St. Louis. In The Maltese Falcon, you get the classic Hollywood McGuffin, defined by Hitchcock as “something the characters in the story care about, but the audience doesn’t.” McGuffins have always been useful tools for screenwriters, and George Lucas, Steven Spielberg, and their friends took it one step further when making their great Indiana Jones films; since the central character was an archeologist, he was always chasing around after some McGuffin, for no better reason than to put it in a museum, or a wooden box in some government warehouse, at the end of the story. “Soon we’ll have the slipper and can go home,” the Baker says to his wife in Sondheim’s masterpiece Into the Woods. “No more running around the woods looking for strange objects!” And Harry Potter and the Deathly Hallows must be the apotheosis of this kind of story, where there’s this long list of objects and few of them have any genuine interest...they merely serve to propel the story along.
I blather about this here because this Crown of Thorns icon is certainly worthy of a film along the lines of The Red Violin. Theoretically, the Crown of Thorns they gave Jesus made its way to Constantinople, where it was a treasured relic of the Eastern Orthodox Church for many centuries. Then, when the Byzantines were in trouble because of the encroaching Turks, they pawned the relic to the Venetians, with whom they’d long been friends and enemies. France’s King Louis IX leaped at the opportunity to buy the crown from the Venetians, and so it came to France, where he had built the outrageously gorgeous Sainte-Chappelle, one of the most beautiful rooms on Planet Earth, to house it.
(The perfect king of medieval Christendom, Louis 9, later St. Louis, died on crusade; his crown of thorns is nowadays in Nôtre-Dame. During the 1200s, his period, France had the drop on England, fueling Plantagenet inferiority complex with this ‘relic gap’ because they had the crown of thorns and we didn’t!)

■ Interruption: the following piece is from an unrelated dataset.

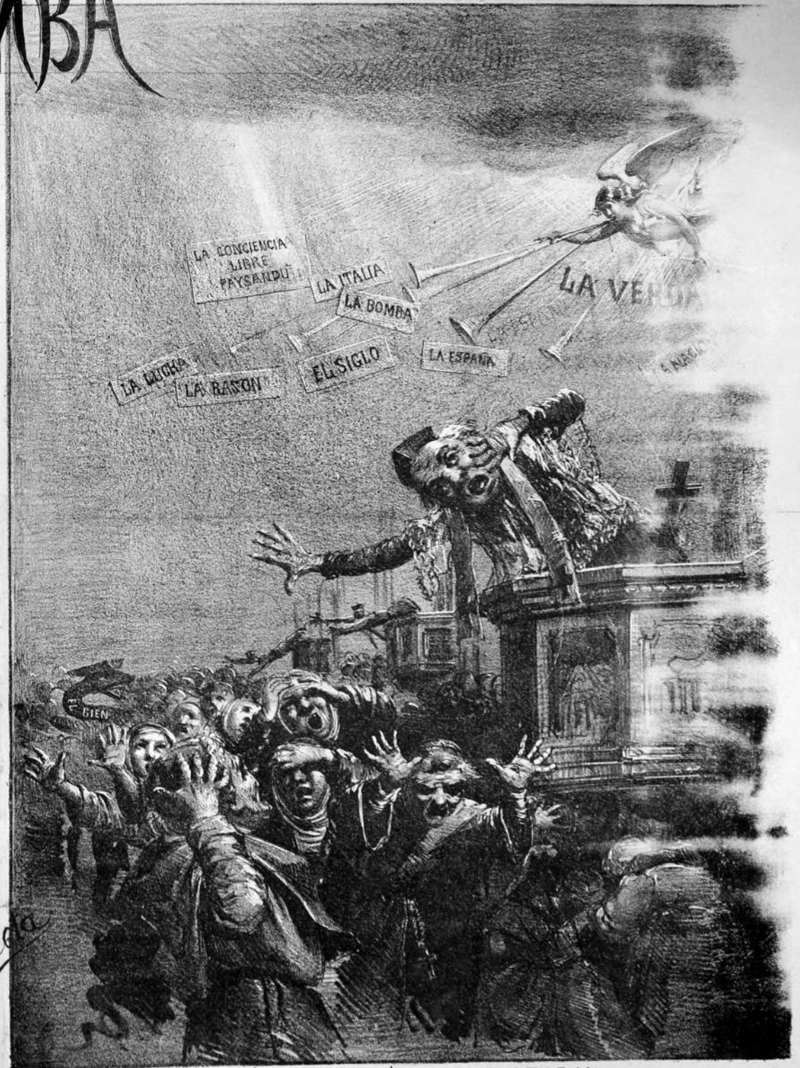
EFECTOS DE LA ÚLTIMA PASTORAL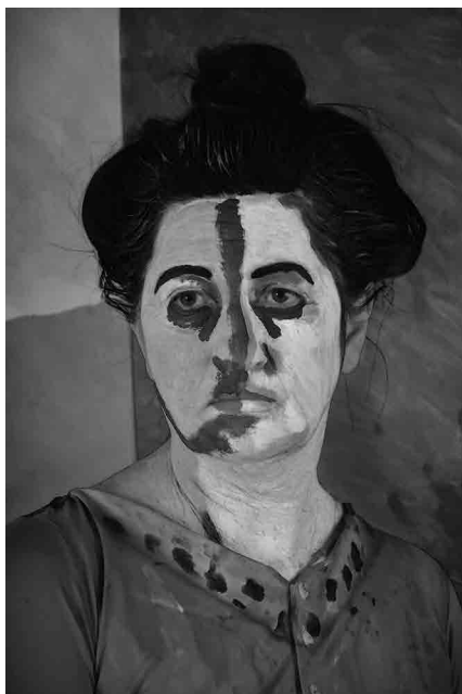
Figura 8 · Referência Matisse (Portrait of Madame Matisse, 1905), Coletivo Mimese, 2016.

A thorn from the crown was given to the Duc de Berry somewhere along the way, before the Renaissance, who built this beautiful reliquary to house it. Later the entire reliquary ended up in the possession of the Hapsburgs, and it spent most of the early modern period in Vienna; a Jewish banker eventually gave it to the British crown, and that’s how the museum got it. They had it off exhibit the day I was there, so I photographed the poster explaining where it was instead.
And yet, the important thing here—unlike most of Voldemort’s Horcruxes—is that the thorns that pierced Christ’s head really have devotional power, millions of people think about them everyday. It’s like finding the holy grail, where the first few drops of the blood that’s at the center of the religion got started. Whether or not the relic is real, or has interesting adventures and peregrinations, there’s got to be something real about that much psychic energy.